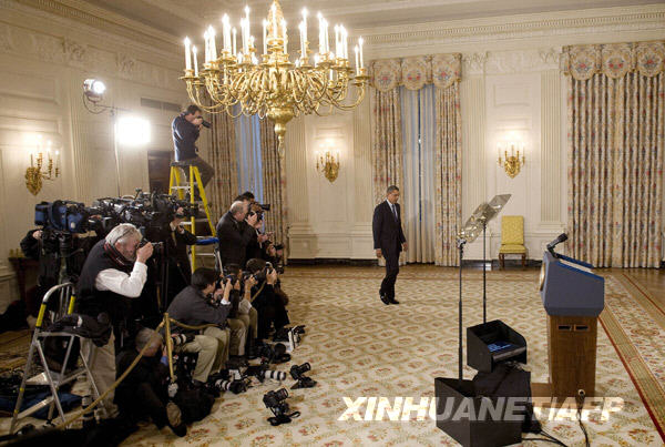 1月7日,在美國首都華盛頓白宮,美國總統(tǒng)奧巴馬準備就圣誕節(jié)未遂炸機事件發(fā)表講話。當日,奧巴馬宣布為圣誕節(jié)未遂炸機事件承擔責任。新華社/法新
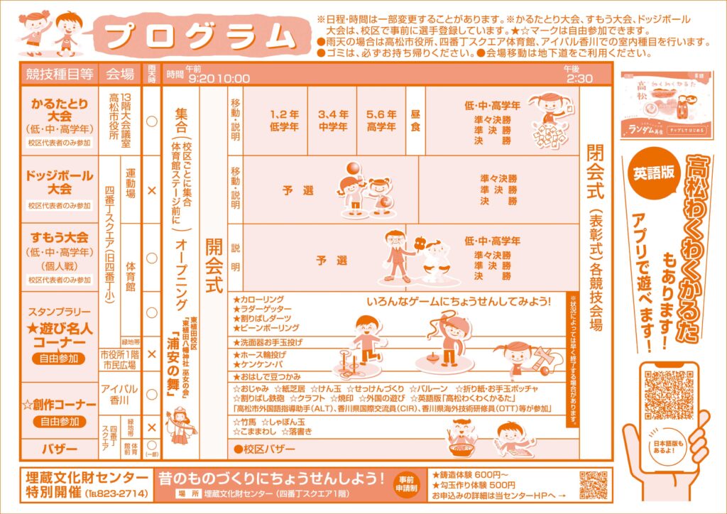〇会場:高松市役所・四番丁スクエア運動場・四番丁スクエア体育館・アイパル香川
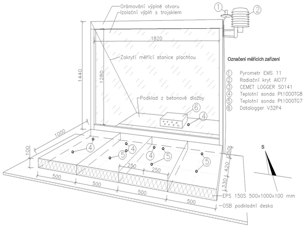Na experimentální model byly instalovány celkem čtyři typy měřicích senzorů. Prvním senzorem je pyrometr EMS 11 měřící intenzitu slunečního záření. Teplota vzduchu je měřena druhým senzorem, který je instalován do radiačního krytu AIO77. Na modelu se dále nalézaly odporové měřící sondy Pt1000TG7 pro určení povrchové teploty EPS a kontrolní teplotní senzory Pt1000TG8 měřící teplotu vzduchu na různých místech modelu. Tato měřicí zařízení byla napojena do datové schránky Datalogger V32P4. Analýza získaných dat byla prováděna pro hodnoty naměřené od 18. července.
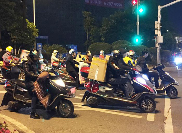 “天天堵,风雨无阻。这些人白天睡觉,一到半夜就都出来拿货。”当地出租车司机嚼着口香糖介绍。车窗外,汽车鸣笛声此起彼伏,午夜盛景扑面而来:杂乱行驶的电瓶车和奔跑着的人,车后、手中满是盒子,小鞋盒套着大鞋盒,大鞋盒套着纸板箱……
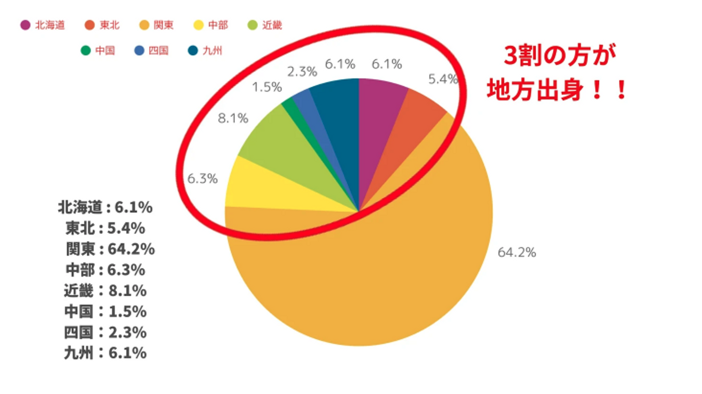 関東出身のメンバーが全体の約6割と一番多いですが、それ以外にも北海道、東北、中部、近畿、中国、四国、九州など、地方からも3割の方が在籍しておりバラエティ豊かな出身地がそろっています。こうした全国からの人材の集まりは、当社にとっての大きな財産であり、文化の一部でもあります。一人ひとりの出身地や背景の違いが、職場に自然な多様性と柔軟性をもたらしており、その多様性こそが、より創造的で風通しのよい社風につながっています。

==

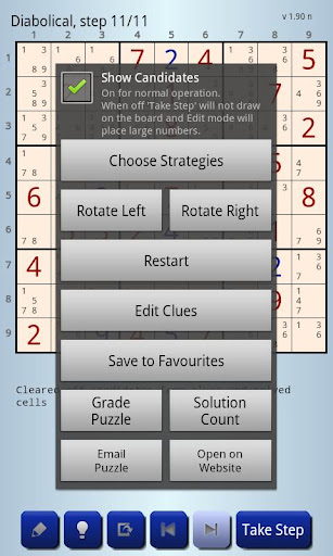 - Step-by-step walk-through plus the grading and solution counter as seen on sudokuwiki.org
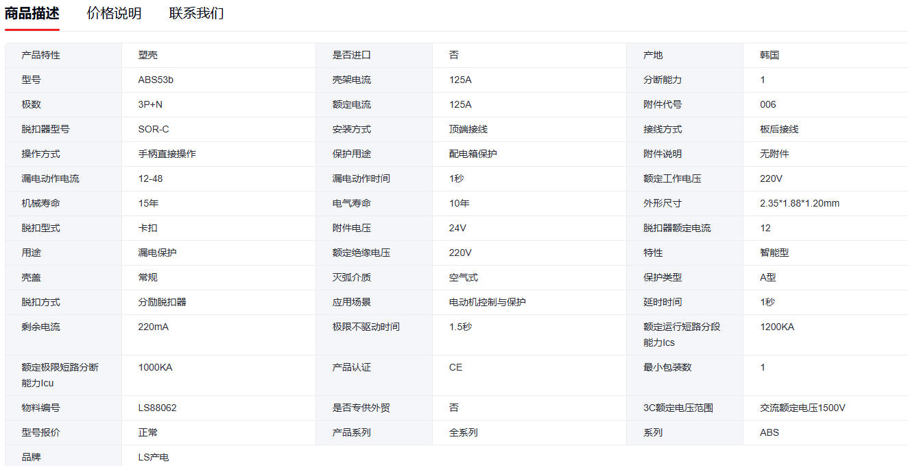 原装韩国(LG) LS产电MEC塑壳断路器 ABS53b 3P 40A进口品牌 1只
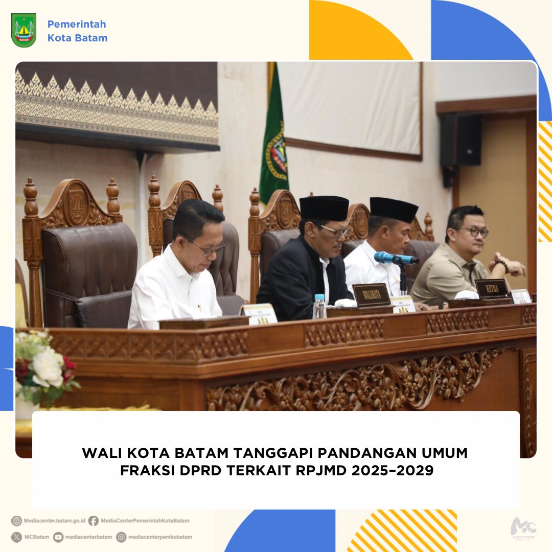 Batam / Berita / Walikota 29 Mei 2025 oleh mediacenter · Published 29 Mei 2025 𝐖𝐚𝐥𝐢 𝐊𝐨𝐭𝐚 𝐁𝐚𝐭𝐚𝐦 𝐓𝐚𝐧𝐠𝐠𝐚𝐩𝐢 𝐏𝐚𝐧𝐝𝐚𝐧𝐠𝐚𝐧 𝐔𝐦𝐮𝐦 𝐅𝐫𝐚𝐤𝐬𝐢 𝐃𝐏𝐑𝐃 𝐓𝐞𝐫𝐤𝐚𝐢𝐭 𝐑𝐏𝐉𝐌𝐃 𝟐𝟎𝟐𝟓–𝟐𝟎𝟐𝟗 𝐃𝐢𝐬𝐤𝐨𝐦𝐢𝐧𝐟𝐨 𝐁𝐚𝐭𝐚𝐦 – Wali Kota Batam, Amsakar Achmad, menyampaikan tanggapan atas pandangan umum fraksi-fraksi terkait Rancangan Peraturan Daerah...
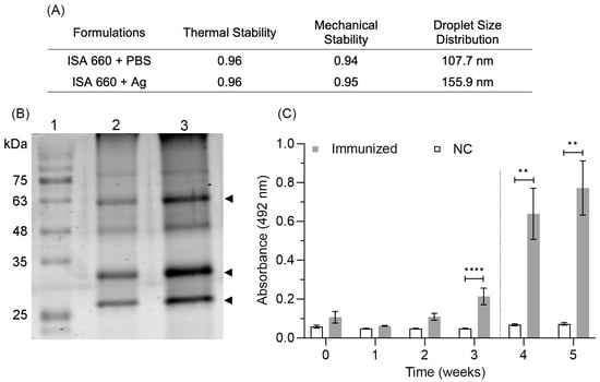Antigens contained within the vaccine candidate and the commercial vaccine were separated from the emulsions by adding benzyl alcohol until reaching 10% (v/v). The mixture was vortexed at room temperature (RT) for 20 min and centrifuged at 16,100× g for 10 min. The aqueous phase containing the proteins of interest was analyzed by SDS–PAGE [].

## [Activity]
Using the listing above, repeat word for word each line from the one with "原装韩国(LG) LS产电MEC塑壳断路器 ABS53b 3P 40A进口品牌 1只" down to the one with "Antigens contained within", both included. Omit all pictures.

## [Task output]
 原装韩国(LG) LS产电MEC塑壳断路器 ABS53b 3P 40A进口品牌 1只
 Batam / Berita / Walikota 29 Mei 2025 oleh mediacenter · Published 29 Mei 2025 𝐖𝐚𝐥𝐢 𝐊𝐨𝐭𝐚 𝐁𝐚𝐭𝐚𝐦 𝐓𝐚𝐧𝐠𝐠𝐚𝐩𝐢 𝐏𝐚𝐧𝐝𝐚𝐧𝐠𝐚𝐧 𝐔𝐦𝐮𝐦 𝐅𝐫𝐚𝐤𝐬𝐢 𝐃𝐏𝐑𝐃 𝐓𝐞𝐫𝐤𝐚𝐢𝐭 𝐑𝐏𝐉𝐌𝐃 𝟐𝟎𝟐𝟓–𝟐𝟎𝟐𝟗 𝐃𝐢𝐬𝐤𝐨𝐦𝐢𝐧𝐟𝐨 𝐁𝐚𝐭𝐚𝐦 – Wali Kota Batam, Amsakar Achmad, menyampaikan tanggapan atas pandangan umum fraksi-fraksi terkait Rancangan Peraturan Daerah...
Antigens contained within the vaccine candidate and the commercial vaccine were separated from the emulsions by adding benzyl alcohol until reaching 10% (v/v). The mixture was vortexed at room temperature (RT) for 20 min and centrifuged at 16,100× g for 10 min. The aqueous phase containing the proteins of interest was analyzed by SDS–PAGE [].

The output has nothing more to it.